— Не дай бог, — говорит дядя Миша, — возьмусь ими за пичугу как-нибудь не этак… А у тебя ручка легкая, детская, — давай имай!
И вот я, затаив дыхание, тянусь к Зинке, накрываю ее ладонью. Она же, словно этого и ждала, даже не вырывается. Я только чувствую ее горячее тельце. В ладонь мне стучится лишь ее крохотное сердчишко. Зато мое-то собственное сердце бухает во всю. Оно бухает должно быть оттого, что в руке моей впервые чужая, пусть очень маленькая, но горячая жизнь. И я спешу быстрей на крыльцо, за мною торопится, натопывает дядя Миша. Там на ветру, на солнце, он кричит:
— Отпускай! Давай волю!
Я поднимаю руку, раскрываю широко пальцы, пичуга цвиркает: «Зинь!» и легко вспархивает с моей ладони.
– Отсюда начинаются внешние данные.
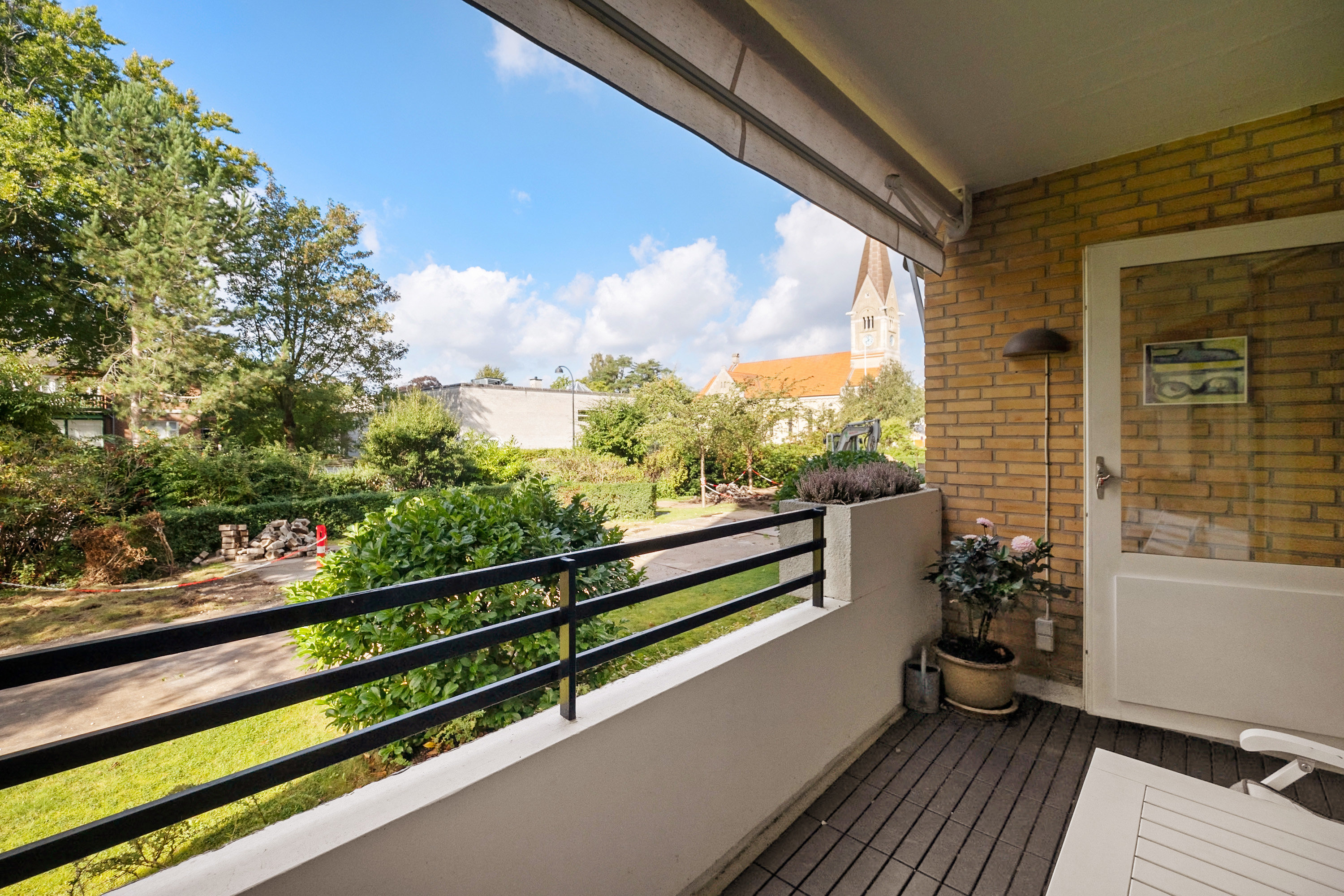 Lys og indbydende lejlighed i Hellerup med solrig altan og grønt kig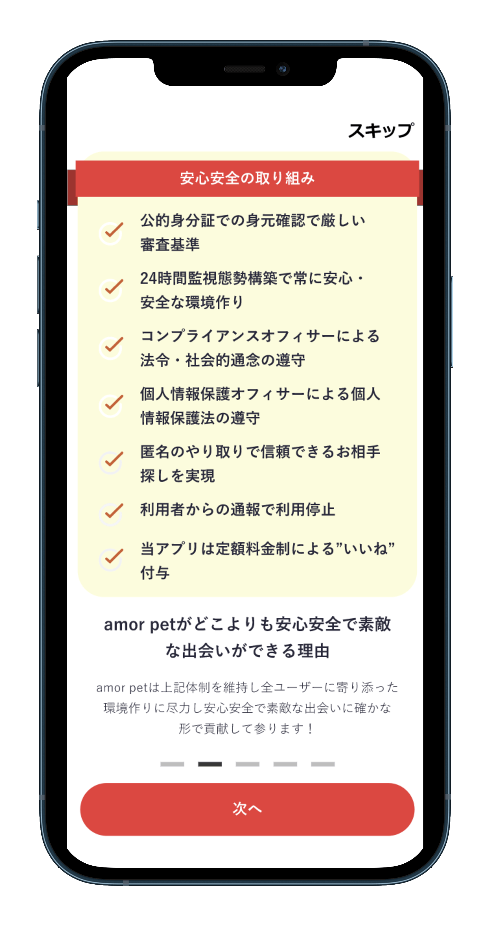 「amor pet(アモル ペット)」は、愛犬・愛猫をきっかけとした、婚活・恋活・お散歩友達探しができるマッチングアプリです。長引くコロナ禍で外出・飲み会等の自粛などが続き、結婚や恋愛の場面にも大きな影響を及ぼしており、男女が出会い、知り合う機会も大幅に減っています。そこで時節柄、積極的に結婚・恋活・お友達探しをしたいができない男女を本アプリを通じて結びつけるお手伝いをしたいと考えています。また、最大の目的は、犬猫愛好家同士を結びつけることで、愛犬・愛猫の一生涯の幸せ実現を目指したいと考えています。

Мы, запрокинув головы, смотрим ей вослед. Она возносится над деревенскими кровлями, над березами. Она, крохотная, становится в синеве небес еще меньше, исчезает там совсем.
И тут я вдруг дядю Мишу спрашиваю:
— А что такое — воля?
И дядя Миша смотрит на меня теперь безо всякой улыбчивости, он думает, медлит, потом тоже медленно отвечает:
— А воля — как птица! Как наша с тобой птица, которая только что унеслась под солнышко… И представь, что это не она сейчас там летит, а ты сам поднялся над полями, над лесами реешь, и полет свой в любую сторону выбираешь только сам… Вот это, пожалуй, и есть — воля!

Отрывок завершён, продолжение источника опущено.